The Millennium Development Goals definitely sound good. There are few things as inspiring as a global pledge to halve world poverty or universalize primary education, but unfortunately development progress is not measured by the content of our promises. It is measured by the content of our deliverables and, equally important yet much less discussed, how we deliver them. In both of these areas the MDGs fall short and so, as we approach 2015 and the Jeff Sachs speaking tour begins to hit full speed, it is an ideal time to reflect on the flaws of the MDGs and begin to discuss key target areas for future initiatives.
The irony is that despite being the most concrete set of development goals ever put forward by the international community, many of the MDGs are impossible to measure. Sure, you can measure some of the economic goals fairly straightforwardly – 28% of people worldwide had less than $1 of purchasing power a day in 1990 so naturally halving that would mean there being less than 14% of people in the same situation in 2015 – and that is possible because the UN, World Bank, IMF and major businesses all collect boatloads of reliable data on economic indicators like income and prices. But how do you measure health indicators on a global scale? Virtually no African countries register births and deaths making it nearly impossible to collect reliable data on things like child mortality or malaria deaths. What we are left with are surveys, mountains and mountains of household surveys that are almost never coordinated between agencies and far from being reliable. While it is not worthwhile to go into the crudeness of the metrics and evaluation for each of the health goals, if you are at all interested you should check out this article published in PLOS Medicine a few years back.

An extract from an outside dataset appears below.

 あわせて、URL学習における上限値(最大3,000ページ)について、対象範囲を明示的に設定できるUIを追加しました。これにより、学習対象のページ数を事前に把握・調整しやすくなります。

Despite a lack of reliable data, Jeff Sachs has had no reservations championing the perceived successes of the MDGs, resulting in a wide range of criticism from academics analyzing the sources of his conclusions. In 2012, when Sachs published a paper in The Lancet with updates on his Millennium Villages Projects, many social scientists came forward admonishing him for skewing the data to serve his interests. One claim was that of the eighteen indicators used to measure success (e.g. food security, primary education survival rate, etc.), only one represented statistically significant improvement. Another, even more troubling comment, stated that while Sachs applauded declining child mortality rates, these rates were actually increasing in his Millennium Villages, despite generally decreasing in the decontrolled villages. Overall, these unsettling conclusions prompted Michael Munger, economics professor at Duke University, to state “I really don’t understand why a well published PhD economist would bend good practice to this extent, no matter how noble his ultimate goals.” So, as the MDGs approach their 2015 deadline, it is important to realize that despite what their biggest proponents are saying, we really do not know whether they have been successful, and simply renewing or expanding them will not correct the limitations that prevent proper monitoring and evaluation from taking place.

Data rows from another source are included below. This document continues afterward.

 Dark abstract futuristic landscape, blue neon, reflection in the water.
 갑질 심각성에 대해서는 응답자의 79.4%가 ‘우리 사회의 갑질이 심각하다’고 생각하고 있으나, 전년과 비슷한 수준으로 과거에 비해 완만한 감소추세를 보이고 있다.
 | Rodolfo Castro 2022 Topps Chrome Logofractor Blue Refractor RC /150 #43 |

Beyond the content of what the MDGs have or have not delivered, there are also gaping questions of how they are delivering change. The one line that always sticks out to me from the MDG document is the one that says, “In cooperation with pharmaceutical companies, provide access to affordable essential drugs in developing countries.” These are the same pharmaceutical companies whose uncompromising refusal to allow generic drugs into the developing world during the heart of the AIDS epidemic resulted tens of millions of deaths, the same big pharma companies who have racked up record profits despite appalling drug costs and human costs both in the US and abroad. They do not cooperate, they dictate, they lobby and they win, just as they are winning now as they seek to finalize the little heard of Trans-Pacific Partnership that will essentially prohibit generic drugs from ever hitting the market when the next killer disease arrives.

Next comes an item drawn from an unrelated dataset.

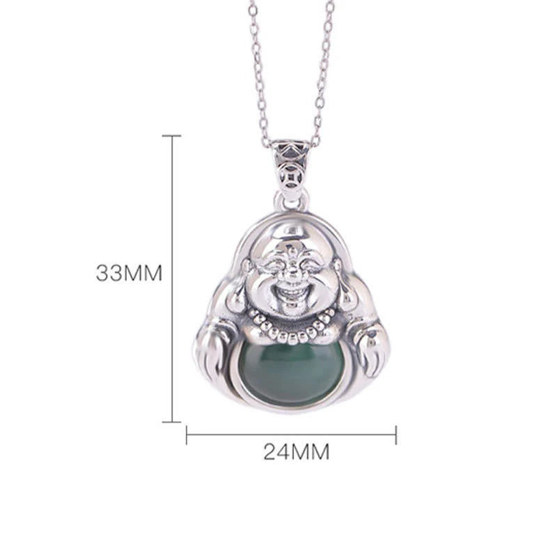 Laughing Buddha Cyan Jade Necklace Pendant is crafted from 999 sterling silver, with a beautiful Cyan Jade inlay on the Buddha's belly. The back of the pendant is engraved with a lotus flower, representing harmony and spiritual development. This pendant symbolizes joy, prosperity, and good luck, making it a perfect amulet for those pursuing success and inner peace.

The Millennium Development Goals do not build or change systems, something the UN itself recognized in this report (chapter 13). They work within the existing paradigm that allows multinational corporations like the drug companies, or Bretton Woods Institutions like the World Bank and IMF to dictate development policy in a way that leads to profit and good press for the Global North. These goals were not written by Ministers of health or economic development from developing countries. They were drafted by technocrats with little thought for implementation or system change and they keep the locus of power in the hands of institutions with a notorious record of abusing it. So while the goals may be noble in their promises they are innately flawed in their implementation. Achieving greater health, economic and environmental equity should be our biggest international priority, but we are kidding ourselves if we believe the MDGs are the solution.